Ivory Coast’s ambassador to the UN, Yousoufou Bamba- an Ouattara loyalist who draws his support from the mainly Muslim northern half of the country- says the situation is moving towards genocide, with people of northern origin and from the central region being targeted by violence.

“Today I will reiterate genocide is in the making,” he said. “They are killing people along ethnic lines. They are killing foreign nationals from foreign countries, from neighbouring countries. They are killing people who are opposed to Mr Gbagbo. That’s not acceptable,” he said.

Bamba has called for more international intervention and a stronger mandate for the UN peacekeepers stationed in the country.

Anti-Gbagbo protesters near a roadblock and burning tyres in the Abobo area of Abidjan (reuters)

Last year’s presidential elections – the first in ten years – renewed divisions along ethnic, religious and economic lines. Laurent Gbagbo, leader of the Front Populaire Ivorien (FPI), refused to accept results which gave his northern rival Alassane Ouattara, who leads the Rassemblement des Republicains (RDR), an 8 percentage point victory.

Multiple delegations of African leaders have failed to persuade Gbagbo to leave office, with the President rejecting all of their proposals, including offers of an amnesty and exile abroad.
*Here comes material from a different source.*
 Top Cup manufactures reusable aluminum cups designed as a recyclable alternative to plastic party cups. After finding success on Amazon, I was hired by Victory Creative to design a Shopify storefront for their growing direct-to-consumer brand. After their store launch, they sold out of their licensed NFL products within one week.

Up until the 1990s Ivory Coast’s thriving cocoa industry meant living standards there were far higher than its neighbours. This attracted economic migrants from Mali and Burkina Faso who settled in the north. Overall a quarter of Ivorians are of foreign descent.

Ethnic tensions

Ethnic tensions had been suppressed under the leadership of Félix Houphouet-Boigny who was the first President since independence. He ran a one party state during his 33 year term but presided over a period of relative peace and economic prosperity that saw Ivory Coast become the world’s leading producer of cocoa by 1979. His death in 1993 coincided with a resurgence of ethnic violence in the country and economic decline.
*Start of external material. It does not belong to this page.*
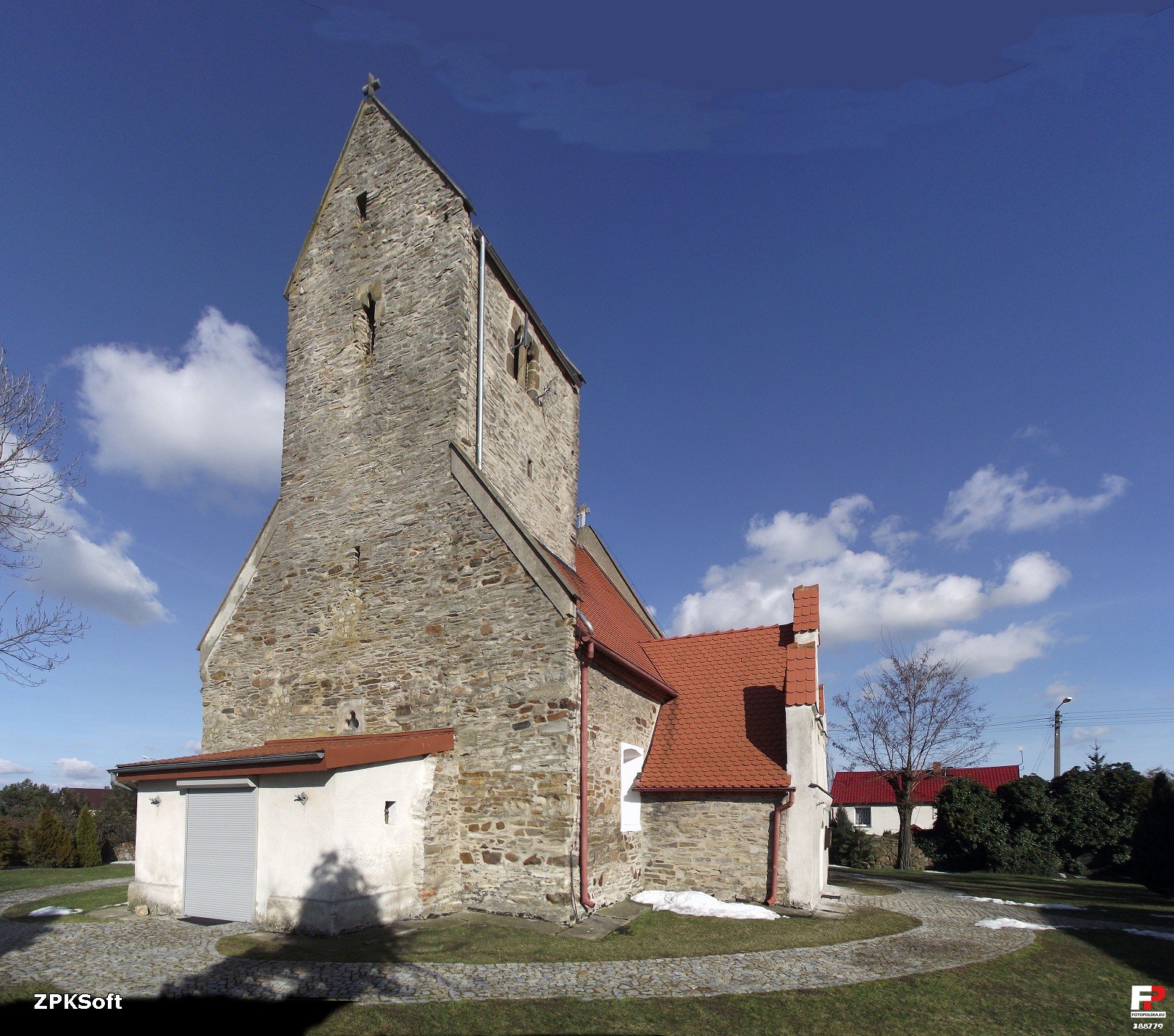 1 pobranie 1593 odsłony 5.84 średnia ocen Poprzednie i następne zdjęcia ZPKSoft Obiekty widoczne na zdjęciu Kościół św. Urszuli więcej zdjęć (19) Zbudowano: pocz.XIV w. Zabytek: 1244 z 01.03.1965 Kościół filialny pod wezwaniem św. Urszuli, wzniesiony na początku XIV wieku,przed 1316 rokiem, kiedy to po raz pierwszy został wzmiankowany. Powtórnie wzmiankowany, jako parafialny, w 1335 r. w spisie dziesięcin nuncjusza Galhardusa. Z 1508 roku pochodzi dzwon. Około 1600 r. powstaje kruchta południowa. Jest to Świątynia gotycka, położona pośrodku wsi, między drogami układu owalnicowego. Orientowana; murowana z ciosów granitowych, z fasadą kruchty południowej. Kościół jednonawowy, z nawą prezbiterium, zakrystią od północy, kruchtą od południa oraz współczesnym przedsionkiem od zachodu na planie prostokątów. Od zachodu wieża na planie kwadratu, wciągnięta do wnętrza nawy. Prezbiterium dwuprzęsłowe, niższe i węższe od nawy, oddzielone od nawy ostrołukową arkadią tęczy. Nawa dwuprzęsłowa, przęsło zachodnie, wydzielone dwoma masywnymi filarami podwieżowymi, które wspierają ostrołukowe arkady, środkowa szersza i wyższa; nad bocznymi wykute otwory zamknięte odcinkowo. Z filarów przerzucone ostrołukowe arkady wsparte na ścianie zachodniej, dzielące zachodnie przęsło nawy na trzy części. Prezbiterium nakryte sklepieniem krzyżowym, z sześcioma kamiennymi wspornikami. Wschodnie przęsło nawy i boczne części zachodniego, kryte stropem, w podwieżowej części przęsła zachodniego sklepienie krzyżowe. Zakrystia kryta sklepieniem kolebkowym strzałce, kruchta południowa – stropem. W ścianie wschodniej prezbiterium okno ostrołukowe z motywem trójliścia w górnej części, od zewnątrz, dwudzielne; w ścianie zachodniej nawy - trójlistne. Pozostałe okna w odcinkowo zamkniętych, głębokich, obustronnie rozglifionych ościeżach, w prezbiterium i nawie przeważnie półkoliście zamknięte, w zakrystii, prostokątne i okrągłe. SAKRAMENTARIUM - we wschodniej ścianie prezbiterium–piaskowce, utworzone na początku XVI wieku. Prostokątna nisza w obramieniu z przedstawieniem lilii, zwieńczonym wimpergą; krata żelazna z płaskich prętów z rozetkami. OŁTARZ GŁÓWNY - barokowy z początku XVIII wieku ze współczesnym tabernakulum, architektoniczny, jednokondygnacyjny, jednoosiowy. Wsparte na wysokim cokole pary kolumn kompozytowych, wewnętrznie wysunięte ku przodowi, dźwigają profilowane belkowanie z okiem Opatrzności w glorii. Zwieńczenie zamknięte półkoliście, obrazy; w polu głównym – Chrzest Chrystusa, w zwieńczeniu św. Urszuli. Na belkowaniu nad kolumnami rzeźby św. Katarzyny i św. Barbary. Dekorowany akantem, wieńcami laurowymi i podwieszonymi pękami kwiatowymi. CMENTARZ PRZYKOSCIELNY - na planie zbliżonym do prostokąta. Mur cmentarny z kamienia polnego i ciosów granitowych z bramkami ceglanymi. Pomnik nagrobny, obecnie na zewnątrz muru kościelnego, prostopadłościenny, z czterema owalnymi polami inskrypcyjnymi (dwa z nich nieczytelne), pozostałe upamiętniają; grenadiera Franza Pfeiffera (zm. 1870 r.) i żołnierza Carla Zimmermanna (zm. 1866 r.). |

He was succeeded by Henri Konan Bédié who was president when northerners originating from Burkina Faso were massacred in plantations at Tabou in 1995. Sporadic violence followed and in 1999 Bede was overthrown in military coup led by Robert Guei.

In the run up to the 2000 elections Guei introduced legislation, approved by a referendum, which required both parents of a presidential candidate to be born within the Ivory Coast. This excluded the northern candidate Alassane Ouattara from running.

Echoing scenes ten years later, Guei lost the 2000 election but proclaimed himself president, leading to a popular uprising which forced him to cede power to Gbagbo who was seen as the true winner.

In September 2002 civil war began. Troops loyal to Ouattara mutinied and launched attacks in cities across the country. On the first night of the uprising former president Robert Guei was killed .

Relative peace resumed in 2003 and a government of national unity was established, which survived until 2009 – despite Gbagbo’s refusal in 2005 to hold an election after his original presidential mandate had expired.

In 2007 the country was officially reunited in a peace deal.